5. También permitido: tocarle los pies con los tuyos, agarrarle suavemente las rodillas, pasarle la mano delicadamente por el muslo, algún abrazo fugaz, acariciarle en algún momento la nuca, tomarle el rostro entre las manos y/o estrecharlo con fuerza contra tu cuerpo al despedirte de ella para poner el punto final con un beso corto pero apasionado, un piquito con la boca medio abierta. «Eso sí puedes, ¿no?», preguntó Paula. «Creo que sí», respondió Max armado de valor. Y le dio un trago a la infusión.

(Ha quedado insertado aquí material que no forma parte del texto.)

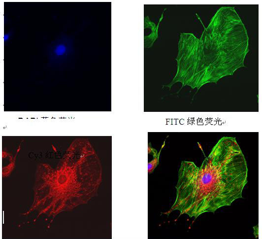 9、免疫学、环境医学和营养学。 如:免疫荧光标记(单标、双标或三标)的定位,细胞膜受体或抗原的分布,微丝、微管的分布、两种或三种蛋白的共存与共定位、蛋白与细胞器的共定位;对活细胞中的蛋白质进行准确定位及动态观察可实时原位跟踪特定蛋白在细胞生长、分裂、分化过程中的时空表达,荧光能量共转移(FRET)。
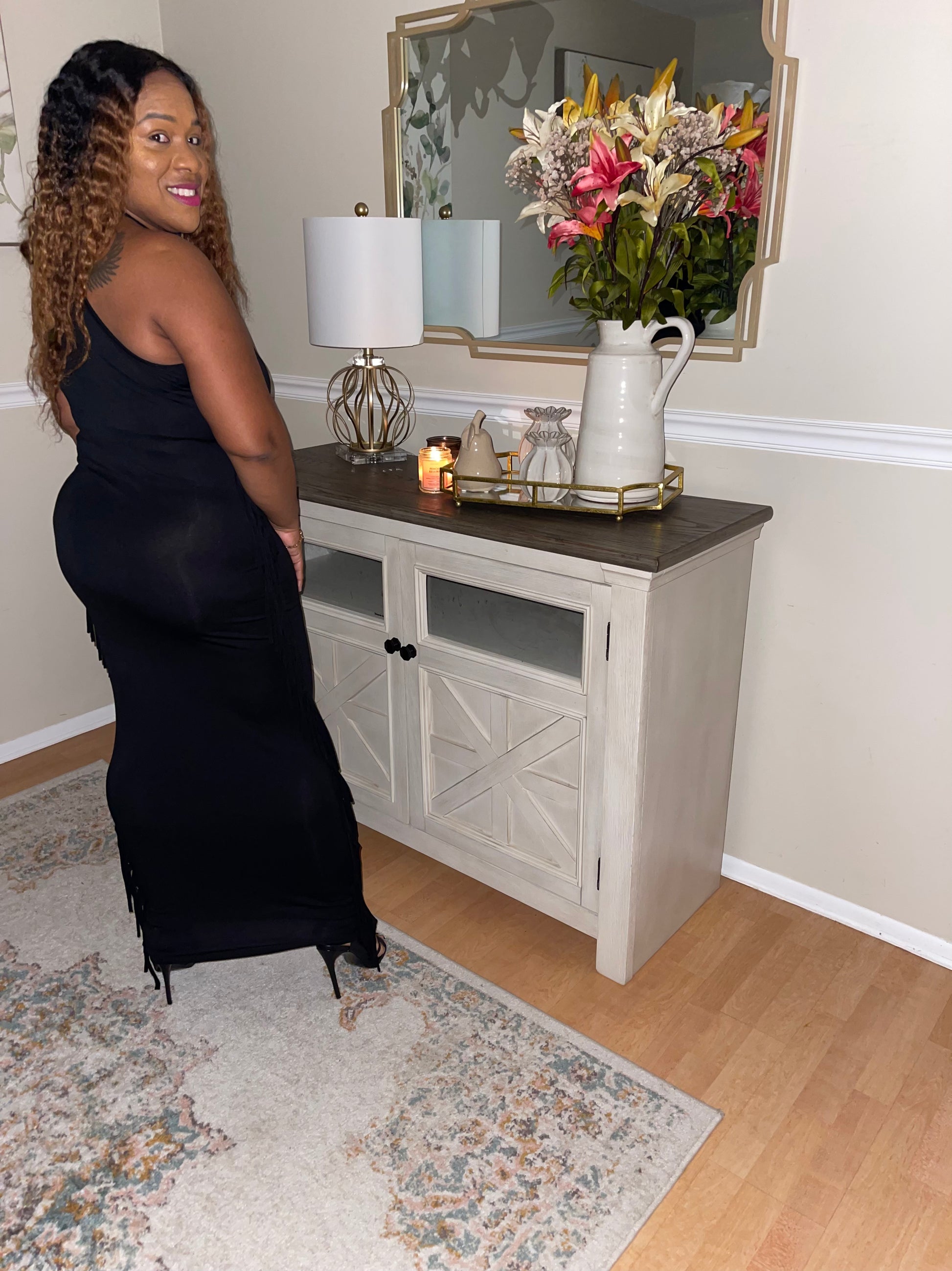 When beauty meets elegance, style yourself with this cutie. Bodycon maxi dress with halter neckline . This body hugging fringe beauty is a must have. 95% Poly 5% Spandex.
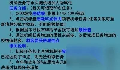 2.机缘属性则是通过完成机缘任务来增加属性,具体如图:

6. No está permitido: ningún tipo de caricias románticas que generalmente se harían después del primer beso, pasarle las manos por las caderas, tocarle cualquier parte por debajo de la ropa (por debajo de las mangas o del cuello del jersey tampoco). Y además, está prohibido: dejar reposar la mano sobre sus muslos demasiado tiempo, acariciarle los pechos… «¿Un poco por encima?», preguntó Max. «¡No!», respondió Paula con rigor. A Max se le presentó una duda: «¿Y qué pasa si es ella la que toma la iniciativa?». Respuesta de Paula:
7. Entonces la ahuyentas con cariño mientras empiezas a hablarle de temas personales. Lo mejor en ese caso sería susurrarle algo agradable al oído. De esta manera, Max mantendría la boca alejada de la suya sin levantar sospechas. Tenía que hablarle de lo bien que estaba con ella, de lo a gusto que se sentía a su lado, de que juntos podrían hacer cualquier cosa que se propusieran. «¿Erotismo verbal como sustituto de los besos?», preguntó Max. «Siempre es mejor que besos y vómitos», opinó Paula. Duda de Max: «¿Y adónde nos llevará todo esto?». Respuesta de Paula:
8. Ella estará cada día más enamorada y se irá volviendo inmune a la intolerancia a los besos de Max. La tensión sexual será cada vez mayor y es posible que en medio año se llegue incluso a tener relaciones sexuales sin necesidad de besar. Si de verdad se trataba de una mujer diez, tendría paciencia; ésa era la opinión de Paula.
9. Resumen: él tenía que ir ganando tiempo sin perder la calma. Si pasaban unas semanas juntos con cierta intensidad, él podría ir probando las alternativas. Y a lo mejor llegaba a estar tan enamorado que podía besarla sin problemas.